On 20/10/2016 15:12, Alan DeKok wrote:
Those two identities don't have to be related in any way whatsoever.
Exactly. So I'm intentionally demonstrating the case where they are different; a potential attacker can choose whichever outer identity they like.
Note how I've chosen "steve" as the anonymous identity. "steve" isn't really an "anonymous" identity. For a discussion of anonymous identities, see my RFC:
https://tools.ietf.org/html/rfc7542#section-2.4 Yes I know. An attacker can choose whichever identity they like. Even the stock Android client lets you enter whichever "anonymous" identity you like; no special tools required.
What happens is that is in the second Access-Challenge response, steve's attributes are returned: Which is what you told it to do. It's what the default config tells it to do. I was surprised. It does not seem like desirable default behaviour: specifically, an unauthorized user being able to generate RADIUS reply attributes which belong to some other user.
It's clearly wrong to return steve's authorization attributes, since we've not authenticated at all (and certainly not as steve) - although since this only an Access-Challenge, hopefully the NAS will ignore them.
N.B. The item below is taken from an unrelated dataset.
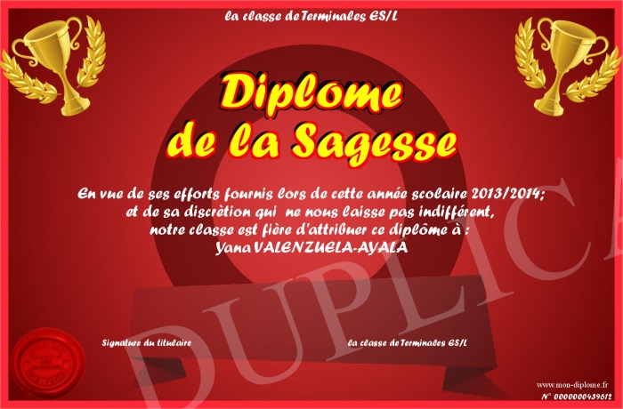 Envoyez par email votre Diplôme de la Sagesse personalisé

The EAP exchange does complete successfully. See the comments in the raddb/sites-available/default. Look for "Access-Challenge". The documentation describes the problem, and shows how to fix it.
I had read that already. It says that "older configurations" had this problem, and it is commented out. The implication is that the current configuration *doesn't* have this problem. But I see this behaviour with the current sample configuration which is supplied with freeradius 3.0.12.
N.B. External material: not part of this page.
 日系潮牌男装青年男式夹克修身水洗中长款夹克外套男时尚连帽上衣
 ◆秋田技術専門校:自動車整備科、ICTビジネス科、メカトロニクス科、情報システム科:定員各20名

My other concern is that it does an unnecessary database lookup for "steve" - actually the live config which started this investigation is an LDAP one, which is how I noticed this.
Now, the default site has in its authorize section:
eap { ok = return }
But at this step we're getting "updated". So it looks like it would be reasonable to change this to:
eap { ok = return updated = return } It depends. Given the stable nature of 3.0, I'm inclined to leave it.
Do you mean leave the sample config as-is, or leave the behaviour of the rlm_eap module as-is? Would you say rlm_eap is behaving as intended by returning 'updated' for this particular step of the exchange?
... and this does seem to work. But I wonder why it's done this way in the default config. Is this a mistake, or this there some subtle point I am missing? Other peoples systems may behave differently from yours. So I'm inclined to leave the current configuration. Well, obviously people's configs are different, but if they copy-pasted this part of eap config then they should behave the same.
This seems to be an under-documented area of freeradius. For example: http://wiki.freeradius.org/modules/Rlm_eap /usr/share/doc/freeradius-3.0.11/modules/rlm_eap I couldn't find any reference to return codes, or "ok" or "updated", in either of these.
We will be fixing all of this in v4. Not by accident, but by design.
Under what circumstances does rlm_eap return "updated" instead of "ok"? I want to be sure that there's no security impact by dropping out of the authorize section at this point, for example if someone uses a non-tunneled version of EAP like EAP-TLS or EAP-PWD. That's what tests are for. The server comes with configuration files for eapol_test (see src/tests/eap*.conf).
I can't see any tests which exercise the individual modules and check their return codes under different scenarios. I can see high-level tests exercise the general behaviour ("does radclient return 0?"). I'm not sure it actually checks the returned RADIUS attributes at each stage of the exchange, nor scenarios which require a reject rather than an accept. But that's just from a cursory scan of the scripts. Anyway, I'm not necessarily saying that the module behaviour is wrong. What I am saying is: * the module returns different return values at different parts of the EAP exchange, and this appears to be undocumented * the sample config doesn't take this into consideration, and ends up sometimes dropping through to later parts of the outer config part-way through the EAP exchange (but not every time) In fact, it explicitly says: # The EAP module returns "ok" if it is not yet ready to # authenticate the user. The configuration below checks for # that code, and stops processing the "authorize" section if # so. # # Any LDAP and/or SQL servers will not be queried for the # initial set of packets that go back and forth to set up # TTLS or PEAP. which means I think I was right to expect that eap { ok = return } would catch everything except the end of the exchange. * therefore, the sample config could be improved to match the description (or the rlm_eap behaviour changed to return "ok", but that's a matter for you) IMO freeradius's configurable failover mechanism is subtle at the best of times, so robust sample configs are especially helpful. Regards, Brian.